Problem to work on
Pictures are to be left out, and only the lines below starting at the one with "Commonwealth Avenue, snaking" and ending at the one with "(★) 869P. 1939." are to be reproduced, each exactly, both ends included.

Input for this task
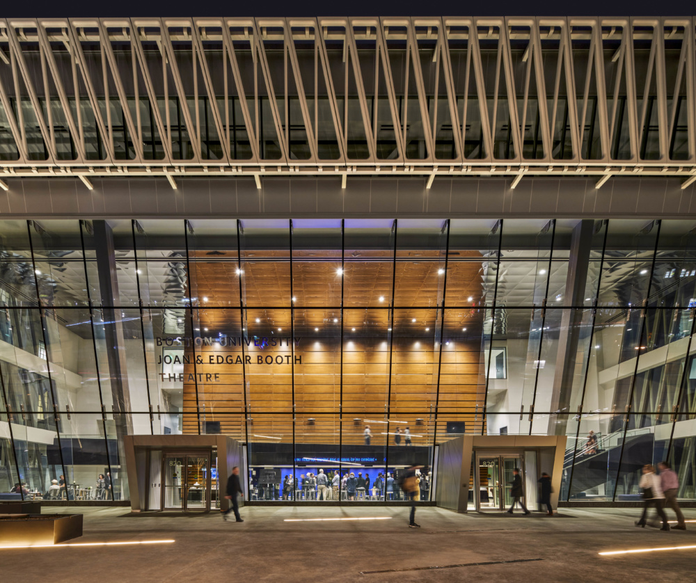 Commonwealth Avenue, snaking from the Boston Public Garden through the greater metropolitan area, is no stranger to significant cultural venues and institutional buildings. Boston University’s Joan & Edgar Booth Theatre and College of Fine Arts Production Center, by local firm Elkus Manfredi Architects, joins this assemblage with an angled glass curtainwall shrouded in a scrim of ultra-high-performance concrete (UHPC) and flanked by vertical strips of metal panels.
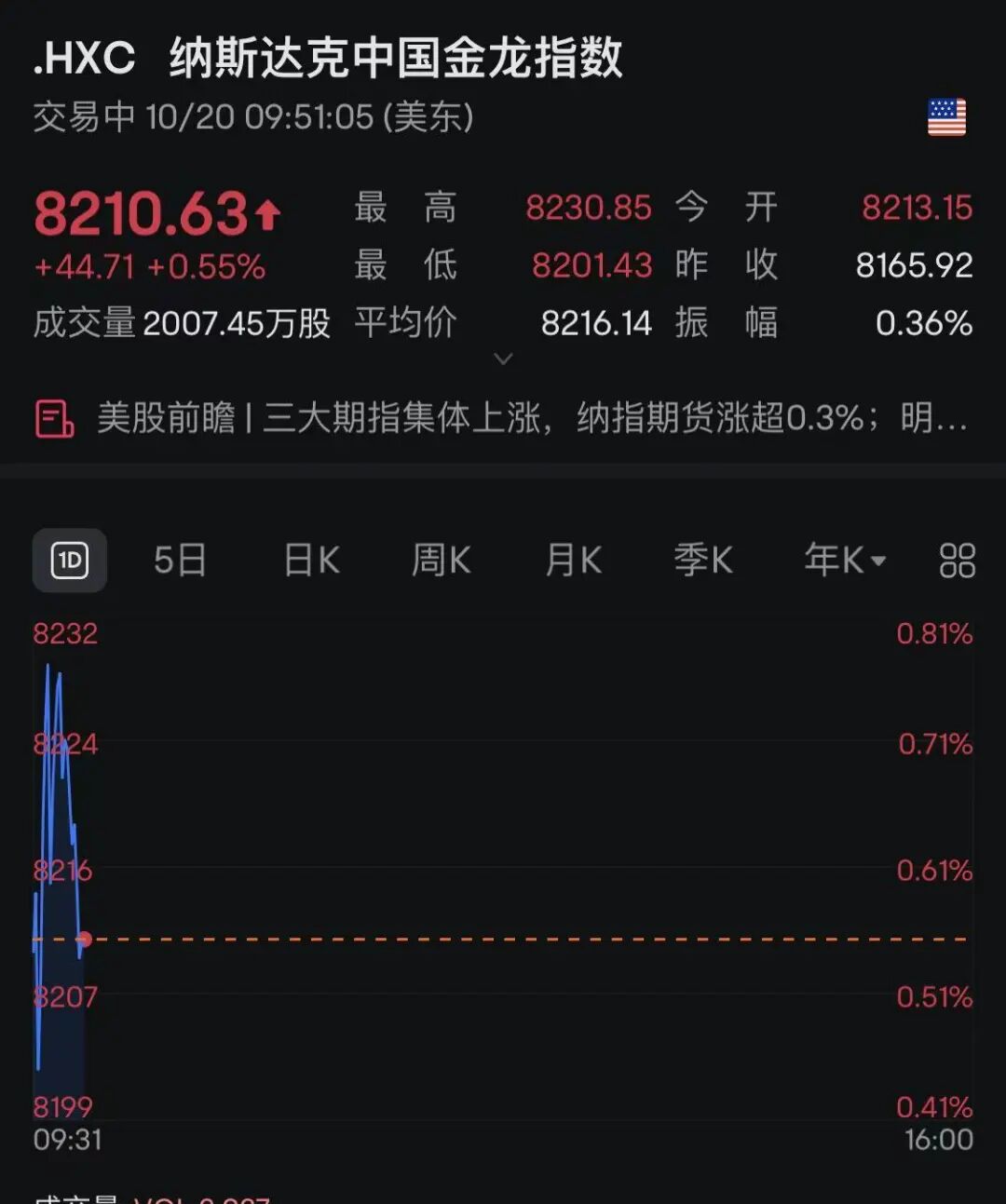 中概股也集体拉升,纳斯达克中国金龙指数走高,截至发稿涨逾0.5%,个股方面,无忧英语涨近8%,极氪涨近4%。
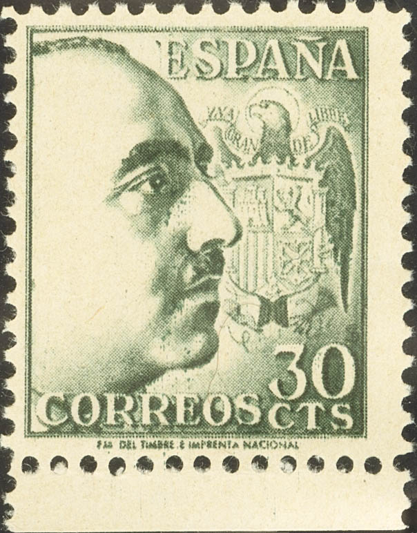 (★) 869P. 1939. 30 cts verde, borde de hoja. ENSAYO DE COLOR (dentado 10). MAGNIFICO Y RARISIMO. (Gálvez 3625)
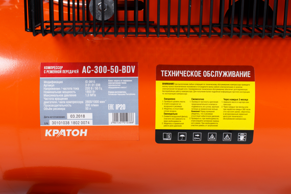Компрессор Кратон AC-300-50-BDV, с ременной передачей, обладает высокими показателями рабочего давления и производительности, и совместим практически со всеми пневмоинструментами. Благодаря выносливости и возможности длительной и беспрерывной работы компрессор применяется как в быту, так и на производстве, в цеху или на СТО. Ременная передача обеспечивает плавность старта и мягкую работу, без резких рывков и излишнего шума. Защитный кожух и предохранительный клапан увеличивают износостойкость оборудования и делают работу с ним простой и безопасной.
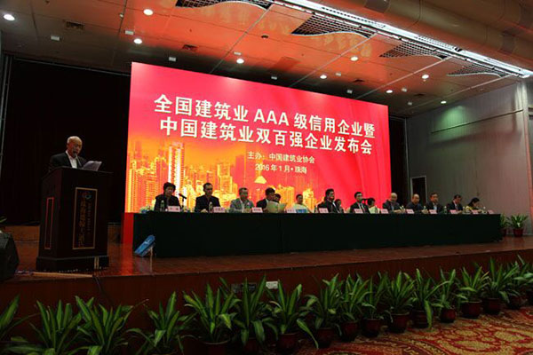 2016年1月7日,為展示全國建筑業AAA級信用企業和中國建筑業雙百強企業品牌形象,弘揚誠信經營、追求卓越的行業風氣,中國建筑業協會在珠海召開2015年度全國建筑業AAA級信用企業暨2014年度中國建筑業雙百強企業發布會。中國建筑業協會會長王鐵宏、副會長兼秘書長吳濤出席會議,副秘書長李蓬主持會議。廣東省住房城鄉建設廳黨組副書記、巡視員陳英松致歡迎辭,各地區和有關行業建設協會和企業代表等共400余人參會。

==

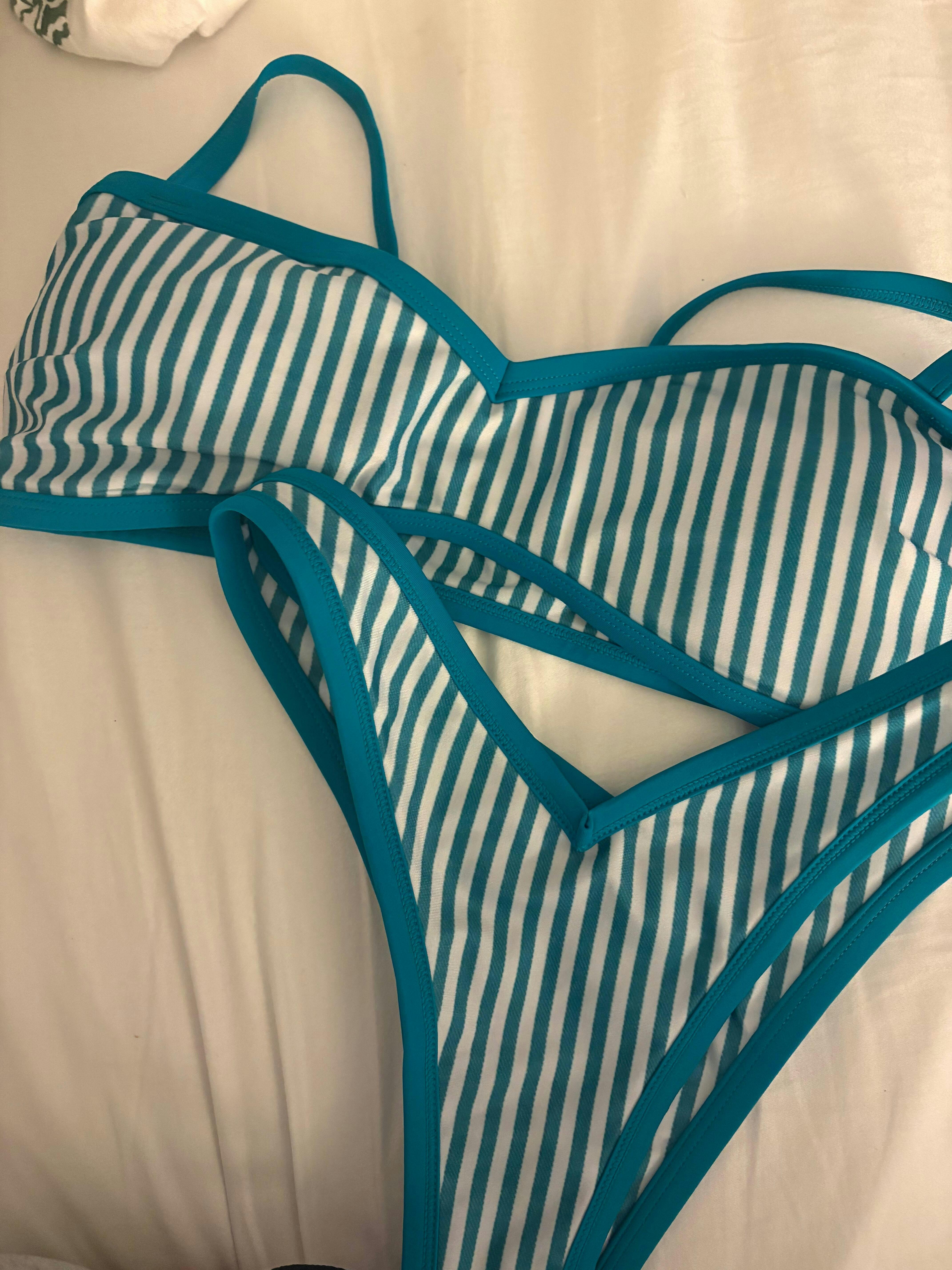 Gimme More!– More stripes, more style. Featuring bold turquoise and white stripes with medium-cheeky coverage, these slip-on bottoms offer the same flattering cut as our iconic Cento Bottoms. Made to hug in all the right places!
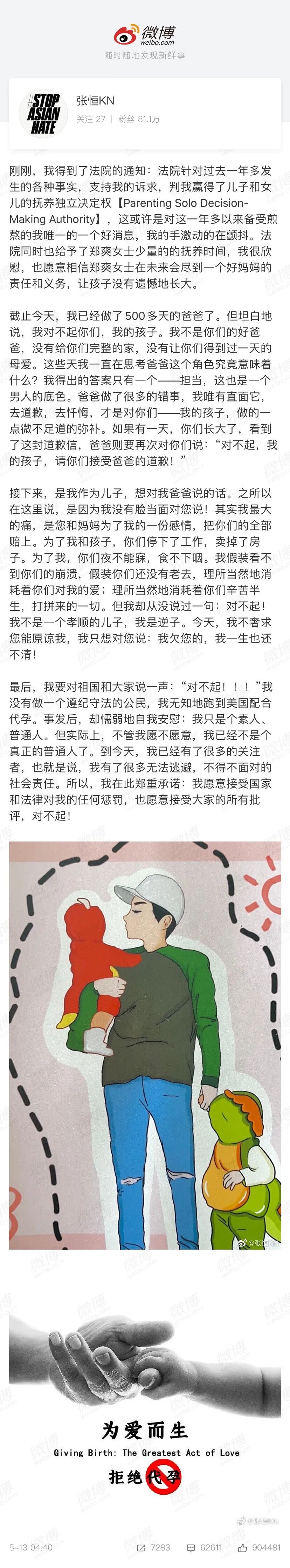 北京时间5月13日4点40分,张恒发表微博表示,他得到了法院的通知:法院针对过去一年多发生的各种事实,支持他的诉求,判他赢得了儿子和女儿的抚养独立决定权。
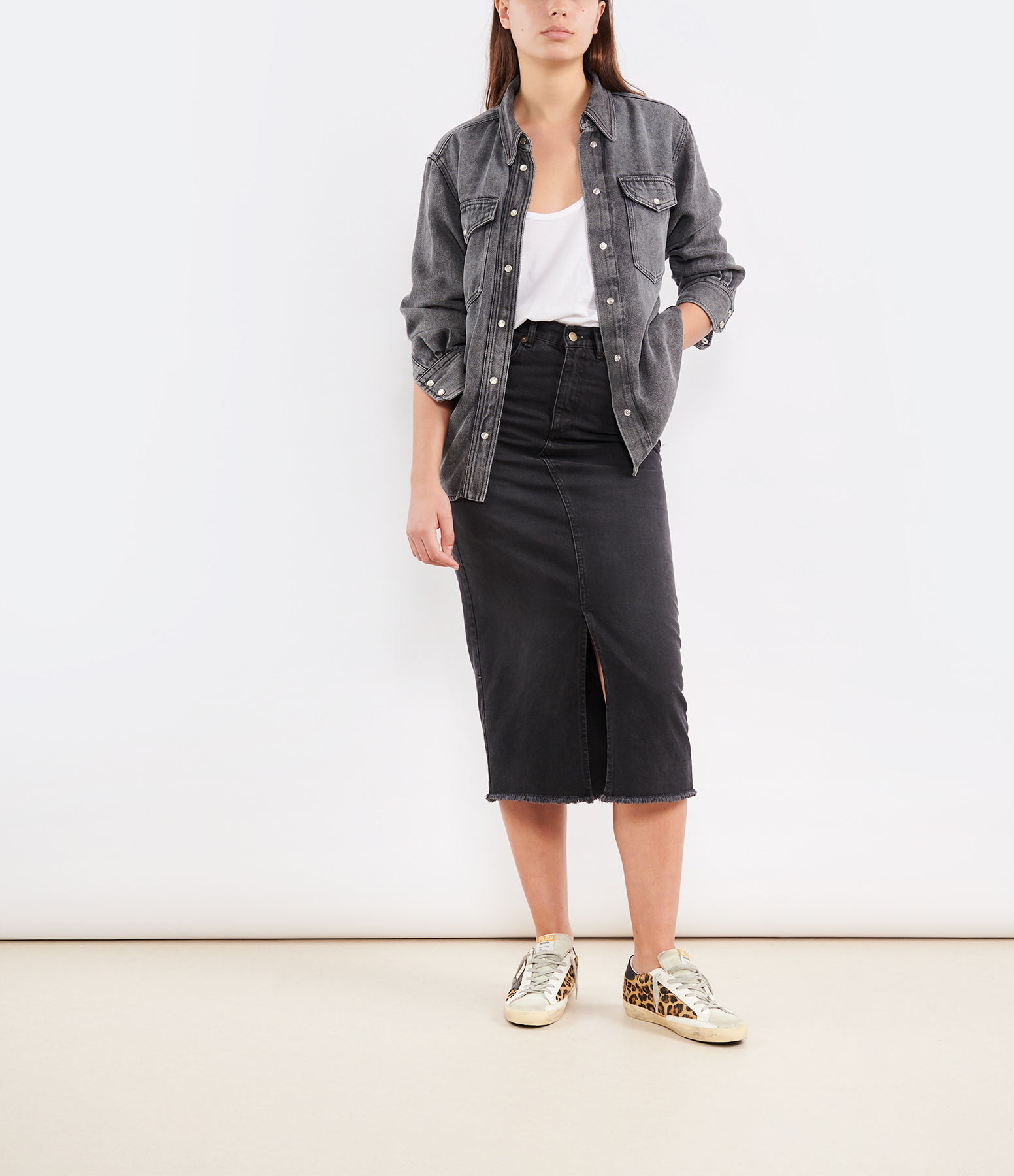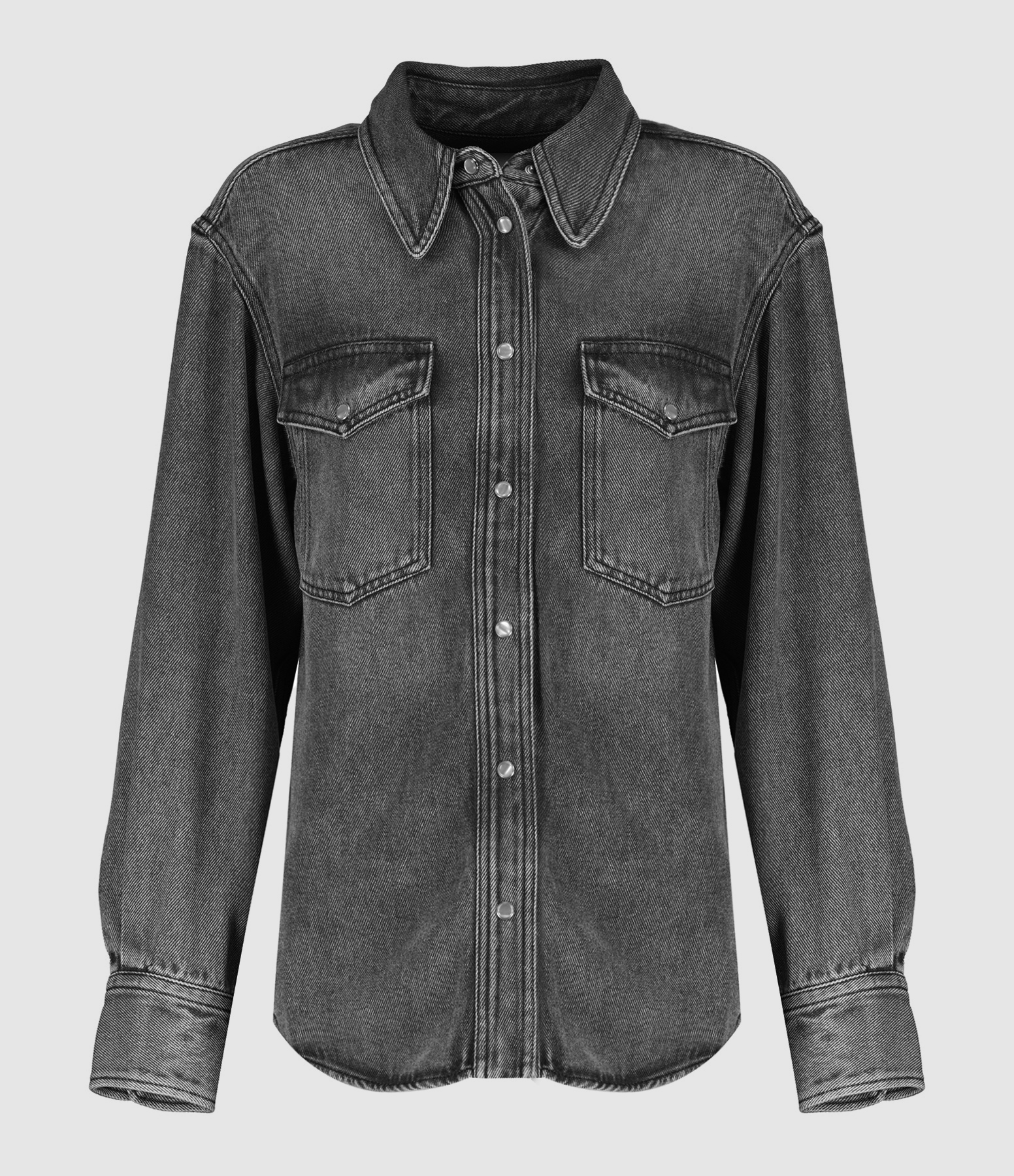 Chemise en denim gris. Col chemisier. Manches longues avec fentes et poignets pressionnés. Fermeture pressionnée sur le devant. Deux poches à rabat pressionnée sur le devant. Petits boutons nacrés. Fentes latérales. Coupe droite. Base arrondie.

Result below
 Commonwealth Avenue, snaking from the Boston Public Garden through the greater metropolitan area, is no stranger to significant cultural venues and institutional buildings. Boston University’s Joan & Edgar Booth Theatre and College of Fine Arts Production Center, by local firm Elkus Manfredi Architects, joins this assemblage with an angled glass curtainwall shrouded in a scrim of ultra-high-performance concrete (UHPC) and flanked by vertical strips of metal panels.
 中概股也集体拉升,纳斯达克中国金龙指数走高,截至发稿涨逾0.5%,个股方面,无忧英语涨近8%,极氪涨近4%。
 (★) 869P. 1939. 30 cts verde, borde de hoja. ENSAYO DE COLOR (dentado 10). MAGNIFICO Y RARISIMO. (Gálvez 3625)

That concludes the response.